INPUT section start

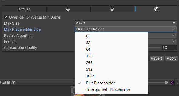 | Generate Placeholders | 为所有勾选的 texture 生成一张低分辨率的替用贴图;也可以选择生成透明或者模糊形式; |
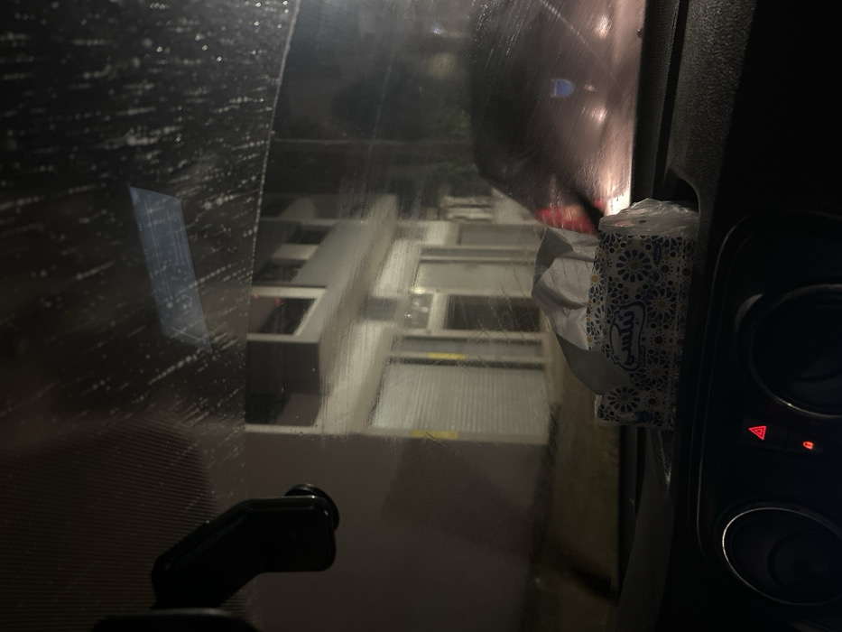 View through a car windshield on a dark night. Water droplets obscure some areas of the glass. A multi-story building with illuminated windows is visible. A tissue box is on the right of the windshield. The car's dashboard, including hazard light button and round dials, are also visible. A phone mount sits at the bottom of the frame.
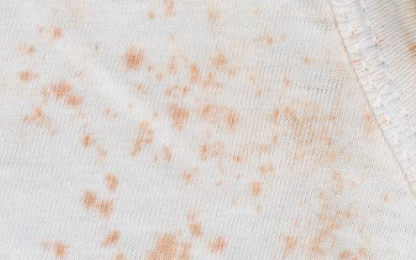 겉은 덩어리로 붙어 있는데, 그 아래에는 얇게 스며든 막이 남아 얼룩처럼 보이거나 뻣뻣함이 남습니다.
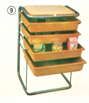 kostra kovová, zásuvky z novoduru. Vrchní deska upravená jako pracovní, polepená umakartem. Výborný pomocník pro domácnosti, závodní kuchyně a restaurace. Rozměr délka 43 cm, šířka 52 cm, výška 82 cm.
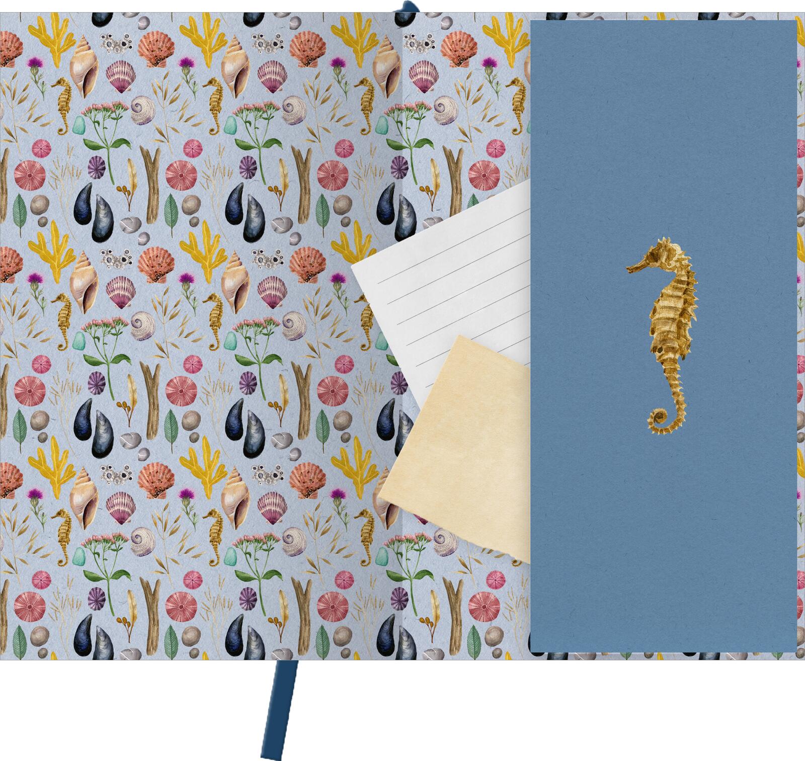 Extra kleines Notizbuch mit Einstecktasche – Naturschätze: Strand & Meer (dunkelblau)
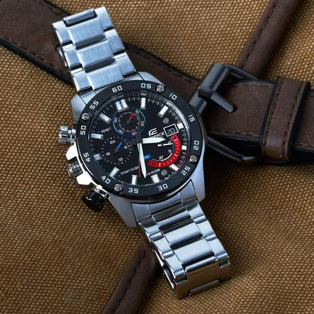 تعتبر ساعة Casio Edifice EFR-558DB-1AVUEF واحدة من أكثر الساعات هيبة في مجموعة إيديفيس الكلاسيكية المتطورة، حيث صُممت للرجل الذي يبحث عن “القوة الهادئة” والجمال الرياضي الصرف. ما يميز هذا الموديل هو التباين البصري المذهل بين الهيكل الفضي اللامع والإطار العلوي (Bezel) المصبوغ باللون الأسود المطفأ بتقنية “Ion Plating” المقاومة للخدش، مما يمنح الساعة طابعاً ميكانيكياً يشبه لوحات قيادة السيارات الرياضية الخارقة، ويجعلها القطعة المثالية لمن يريد ساعة تليق بجدية العمل وحماس المغامرة.
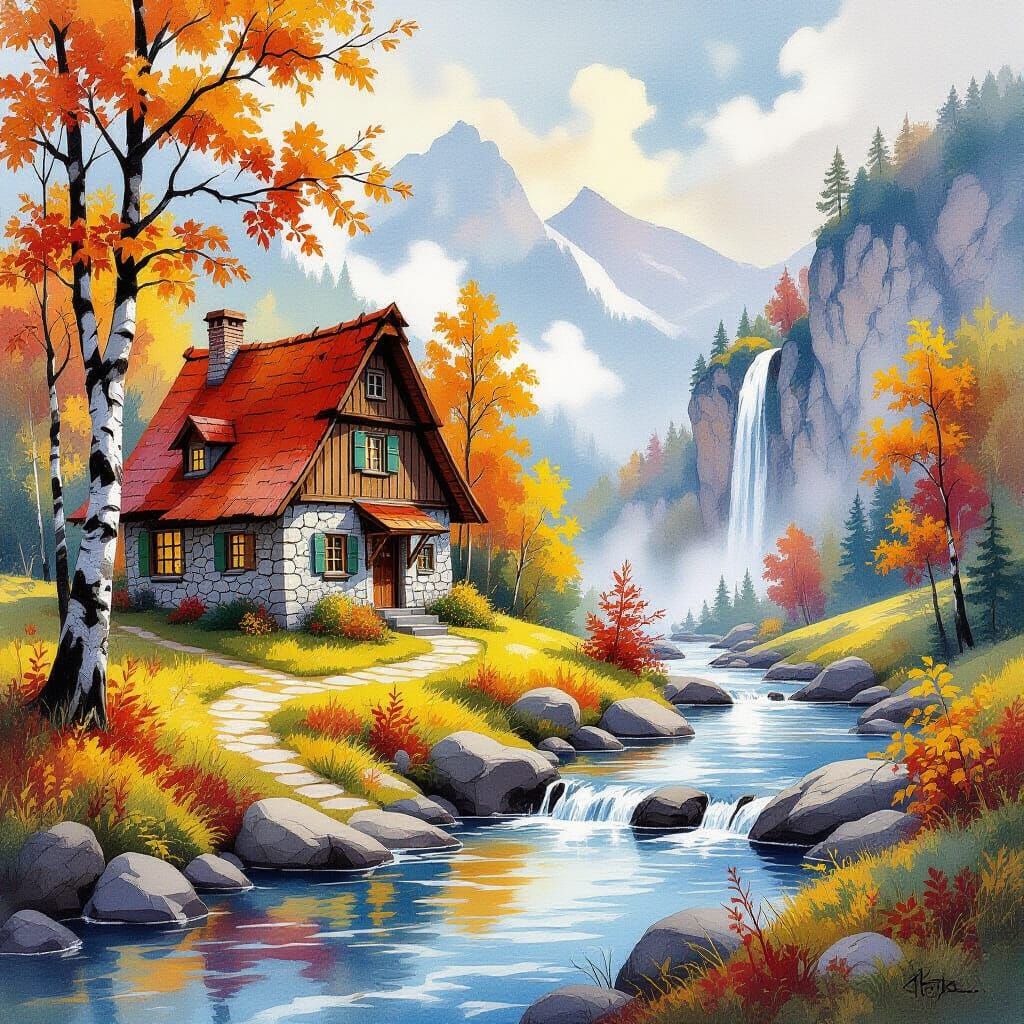 This image displays a quaint wooden cottage with a red roof, set in a vibrant autumn landscape. Features include golden falling leaves, a cascading waterfall, and a flowing river with drifting leaves, all rendered in a loose watercolor style.
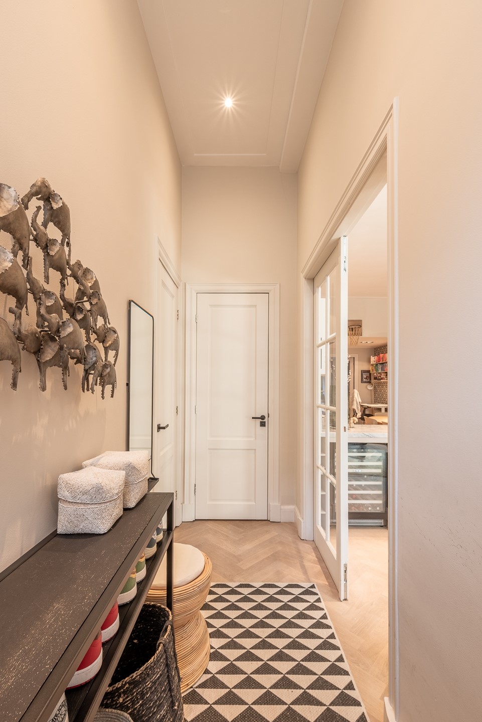 Via de eigen entree betreed je de woning en kom je in de hal met garderobe en een separaat toilet. Deur naar het souterrain.
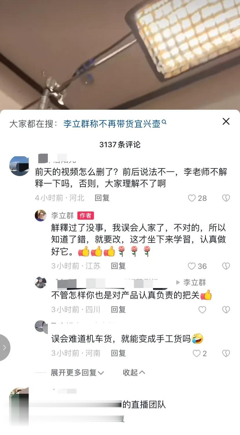 李立群:对不起,他们给的实在太多了,打脸就打脸吧! 从来没见过打脸来的这么快的,7月7日凌晨,老戏骨李立群才发视频称不会带货宜兴紫砂壶,因为他觉得里面的水太深了,什么手工壶半手工壶机车壶根本分不清,品控不好把握。 结果今天晚上,李立群直播间的背景就是一展柜的紫砂壶,购物车也上了壶的链接! 不少人对李立群的操守表示了怀疑,很多人要取关他。 也有人调侃他是不是因为自己的发言受到威胁了,对此,李立群回应,他是被专家科普了一下午,所以有了改观,又觉得卖壶是可行的了。 李立群是7月5号到的宜兴,当时爱分享的他还向网友展示了他住的旅馆都有紫砂壶的陈设,并且来到一紫砂壶制作工厂,观看了艺人现场手工制作紫砂壶。 可以看得出,那时他的兴致还是很高的,对紫砂壶的制作也很新奇,称赞不已。 至于为什么两天之后的7月7日凌晨,李立群为什么会发那个不会带货宜兴紫砂壶的视频,那两天中间发生了什么,就不得而知了。 不过7月7日晚上,他又表示虽然活到老学到老是好事,但也会让人犯错误,自己年纪大了,对紫砂壶的认知还停留在以前,经过几个朋友的科普,他才豁然开朗,会怀着高兴的心情去直播卖紫砂壶。 并且,那条不会带货宜兴壶的视频也删除了。 老爷子的这种转变,真是看的人瞠目结舌,感觉被遛了几圈,很是不爽。 其实李立群一直以来给人感觉都挺真实不做作的,只是这次带货风波,让人对他的印象大打折扣。 最近刚刚看完李立群主演的《洪武大案》,蛮被他的演技折服的,而且,更令人敬佩的是,他用的是原音,台词铿锵有力,作为一个演员,李立群绝对是合格的。 希望老爷子能记住演员才是自己的主业,守住艺德,不要晚节不保吧!
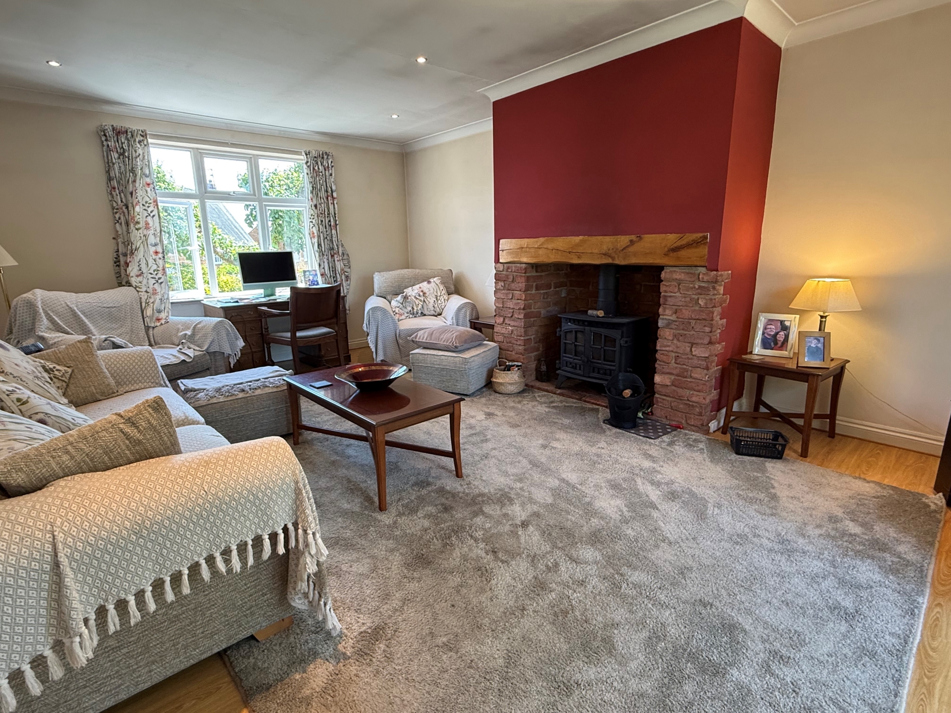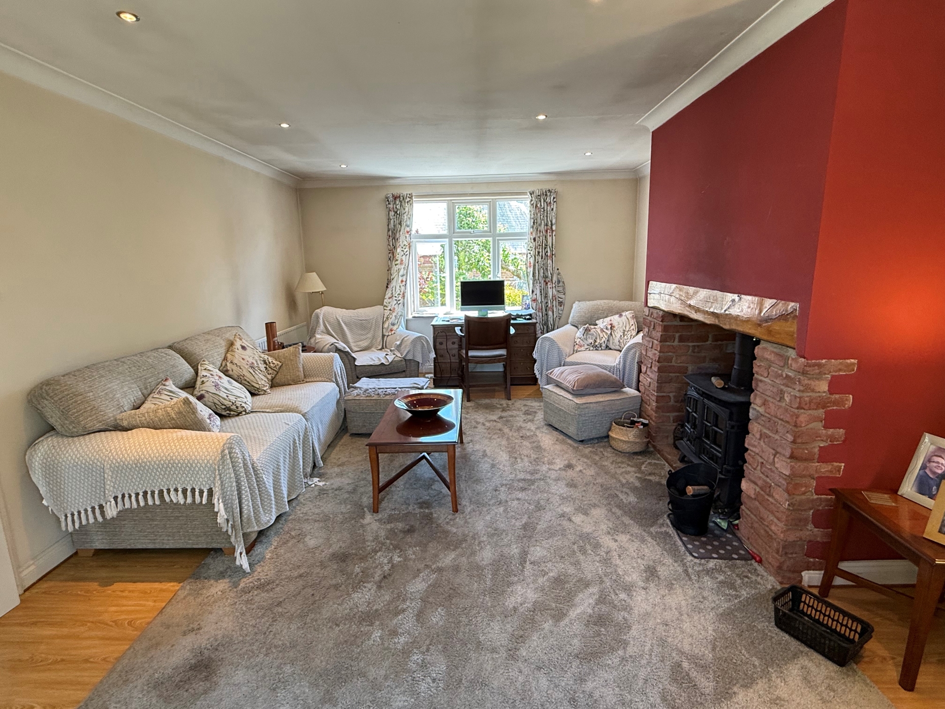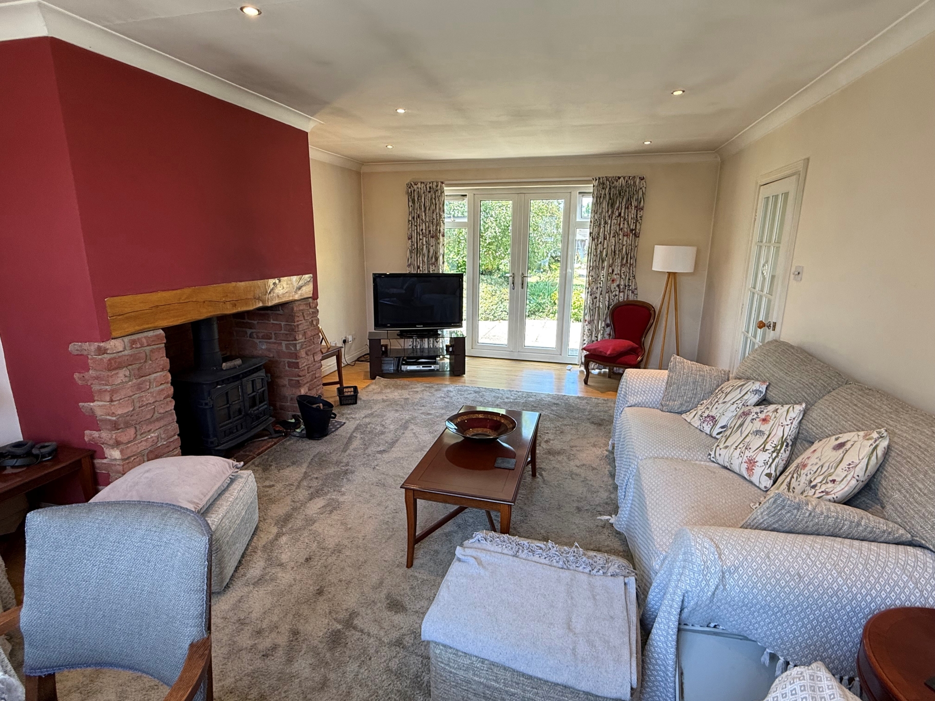 uPVC double glazed window to front elevation and French doors to rear elevation. Radiator. Chimney breast with large wood burning stove. Coving. Spotlights. Wood effect flooring.

INPUT section end

▶ **PROBLEM TO WORK ON**
Leaving out the pictures, print each line of the records above from the first up to and including the one that contains "View through a", exactly as written.

▶ **SOLVED PROBLEM**
 | Generate Placeholders | 为所有勾选的 texture 生成一张低分辨率的替用贴图;也可以选择生成透明或者模糊形式; |
 View through a car windshield on a dark night. Water droplets obscure some areas of the glass. A multi-story building with illuminated windows is visible. A tissue box is on the right of the windshield. The car's dashboard, including hazard light button and round dials, are also visible. A phone mount sits at the bottom of the frame.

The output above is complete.